Wechsel zwischen Lockerung und Dogmatismus

Hier ist zunächst zu bemerken, daß es immerhin auch interessant ist, die Menschen und Lebensverhältnisse, so wie der Kommunismus sie haben und sehen will, anschaulich vor Augen gestellt zu bekommen.

Wichtiger aber ist die Tatsache, daß die Grundsätze des Sozialistischen Realismus nicht zu allen Zeiten der Sowjetherrschaft volle Geltung hatten und daß es selbst zu Zeiten ihrer vollen Geltung immer wieder „Abweichungen" von ihnen gegeben hat. Auch liegt es im Wesen der Kunst und des Schaffens wahrhaft begabter Künstler, daß das von außen Aufgezwungene, ohne echtes Ergriffensein Geschriebene fast immer unlebendig, nicht überzeugend wirkt und sich daher meist leicht erkennen läßt. Bewußt oder unbewußt wird darum der echte Künstler immer wieder versuchen, lebens-wahre Personen und Begebenheiten zu schildern und so die vorgezeichneten Bahnen des Sozialistischen Realismus zu verlassen. Oder er wählt Themen, bei denen politisch-ideolo-gische Gesichtspunkte keine Bedeutung haben (z. B. Naturschilderungen — so z. B. M. Prischwin, Ju. Kuranow u. a.), oder bei denen die Wirklichkeit tatsächlich mit den Anforderungen der Partei übereinstimmt (z. B. Patriotismus während des Zweiten Weltkrieges — s. unten), so daß der Autor tatsächlich aus innerer Über-zeugung heraus gestalten kann, ohne mit der Parteikritik in Konflikt zu kommen.

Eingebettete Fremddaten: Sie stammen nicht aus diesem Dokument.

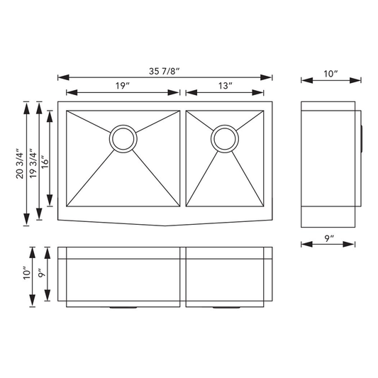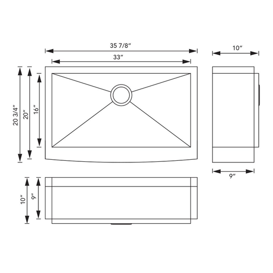 Pelican Int'l Handmade Series PL-HA125 R0 16 Gauge Stainless Steel Farmhouse Kitchen Sink 35 7/8" x 20 3/4" with Zero Radius Corners

Auch gab es in den zwanziger Jahren unseres Jahrhunderts in der Sowjetunion noch keine völlig einheitliche Kulturpolitik. Die antikommunistischen und „reaktionären" Schriftsteller kamen zwar nicht mehr zu Wort — sie waren emigriert, mundtot gemacht, gestorben oder ermordet —, aber auf dem Boden des Kommunismus oder des Sympathisierens mit ihm (die „Weggenossen", russisch: „poputtschiki", zu denen z. B. auch Ilja Ehrenburg zählte) entfaltete sich eine reiche Literatur in verschiedenen Gruppen und Schulen zu einer Blüte, wie sie seitdem nicht wieder erreicht worden ist. Kühnes Suchen nach neuen Ausdrucksformen und das Bemühen um dichterische Gestaltung der welterschütternden Revolution von 1917, ihrer Vorbedingungen und ihrer Folgen waren die Hauptmerkmale jenes literarischen Schaffens, das gegen Ende der zwanziger Jahre, als Stalin die Alleinherrschaft errungen hatte, immer mehr eingeengt und schließlich auf dem Schriftstellerkongreß von 1934 vollständig und endgültig gleichgeschaltet wurde.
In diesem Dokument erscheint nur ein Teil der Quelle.